> **WORK TASK**
Pictures aside, copy exactly each line from the one that holds "In der Zwischenzeit" through the last line of the records below.

(Extracted records)
== Segment start ==

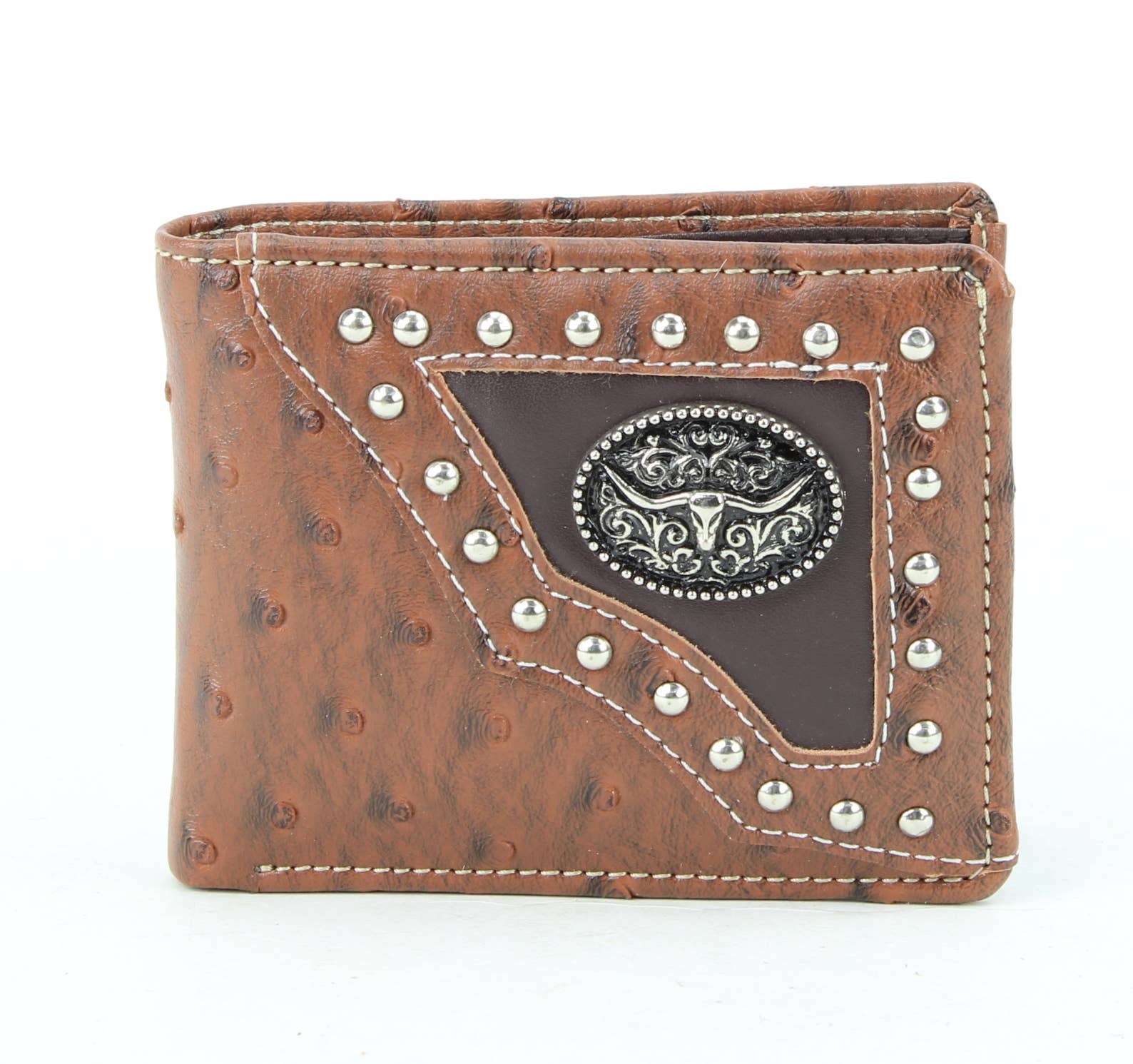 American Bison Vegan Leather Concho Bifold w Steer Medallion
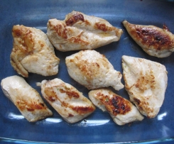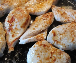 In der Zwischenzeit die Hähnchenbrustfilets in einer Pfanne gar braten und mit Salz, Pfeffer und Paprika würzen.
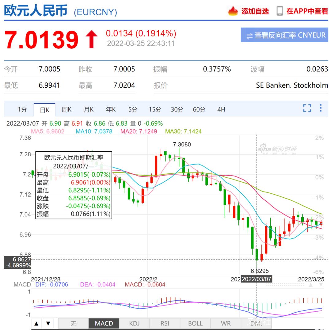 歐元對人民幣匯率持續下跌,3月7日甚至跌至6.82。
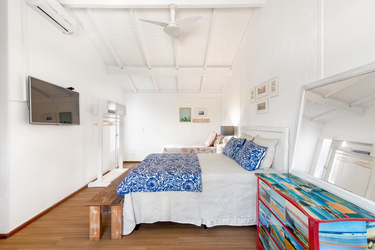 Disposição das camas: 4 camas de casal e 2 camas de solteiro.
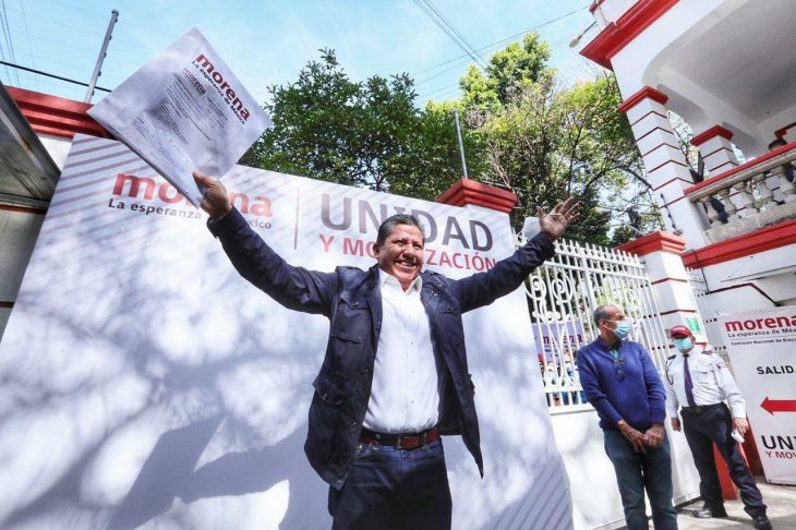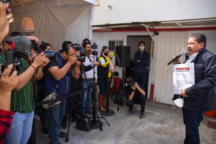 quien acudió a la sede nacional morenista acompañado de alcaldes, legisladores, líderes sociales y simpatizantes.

== Segment end ==

> **TASK ANSWER**
 In der Zwischenzeit die Hähnchenbrustfilets in einer Pfanne gar braten und mit Salz, Pfeffer und Paprika würzen.
 歐元對人民幣匯率持續下跌,3月7日甚至跌至6.82。
 Disposição das camas: 4 camas de casal e 2 camas de solteiro.
 quien acudió a la sede nacional morenista acompañado de alcaldes, legisladores, líderes sociales y simpatizantes.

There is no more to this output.